Not sure yet what’s coming up next, but first thing I will do, for the first time in aeons, is to get a few weeks of well deserved relax, work on some personal stuff I haven’t had much time to work on lately, and have fun!

desktop-webapp-browser-extension

A few months ago I started work on a Google Chrome/ium extension for integrating Chrome apps into GNOME Shell. The idea is that, whenever you install a Chrome app, a .desktop file is created in ~/.local/share/applications, for them to show up as normal applications.

Also, for desktop shortcuts for “normal” web pages, since Chrome/ium uses the favicon from the pages, the icons look really ugly on GNOME Shell’s overview. So, this extension also tries to retrieve a higher resolution icon and uses it if found, and if not, retrieves a snapshot from the page and uses that as the icon, making it look much nicer in the overview.

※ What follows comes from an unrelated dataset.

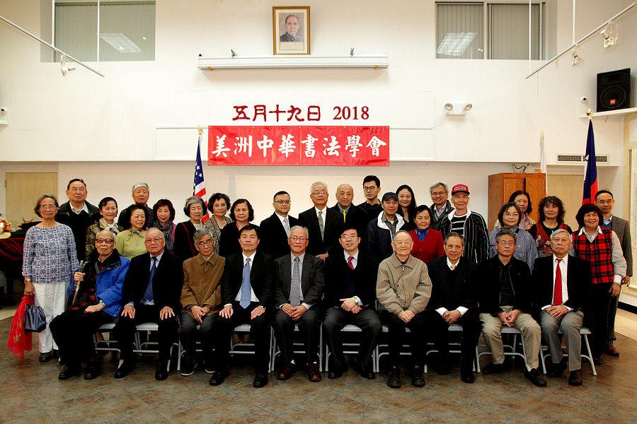 美洲中華書法學會5月19日、20日於紐約華僑文教中心禮堂舉辦2018年度第一次會員作品展,展出會員的楷、草、隸、篆各式書法及人物、山水、花鳥等國畫作品,並於19日下午舉行開幕茶會,由學會副會長蕭忠正主持,駐紐約辦事處組長黃耀良、紐約華僑文教服務中心主任黃正杰、副主任葉帝余、國學大師王鼎鈞、名書畫家王懋軒、及百多位會員及書畫同好者共同參與。

So, nothing really magic, but discussing it with some team mates, I thought it could be helpful for other people, so hence this public announcement 🙂

The code can be found here.

Next step, when I have time and find out how, is to submit this to the Google Chrome store, but for now, you can just build it and install the .crx file into your Chrome/ium.

Netlink-based D-Bus

As stated in my last blog post, we have been looking at different options for optimizing D-Bus. After some internal discussion and reviewing of the feedback we got, we think the best solution is to get the best ideas from AF_DBUS, but without having to create a new socket family, which wasn’t very well welcomed by the Linux kernel developers. This brought us to having to choose a transport that allowed us to do that, so we decided on Netlink (an IPC mechanism for kernel to user-space communications).

Below is a detailed description of the architecture we are planning.

Netlink sockets
The Netlink protocol is a family of socket based IPC mechanism that can be used to communicate between the kernel and user-space processes and between user-space processes themselves. It was created as a replacement for ioctl and to receive messages sent by the kernel. It is a datagram-oriented service with both SOCK_RAW and SOCK_DGRAM valid socket types. It is based on the Berkeley sockets API and uses the AF_NETLINK address family. Netlink supports different Netlink families such as NETLINK_ROUTE, NETLINK_FIREWALL and NETLINK_SELINUX, each of which is used to communicate with a specific kernel service.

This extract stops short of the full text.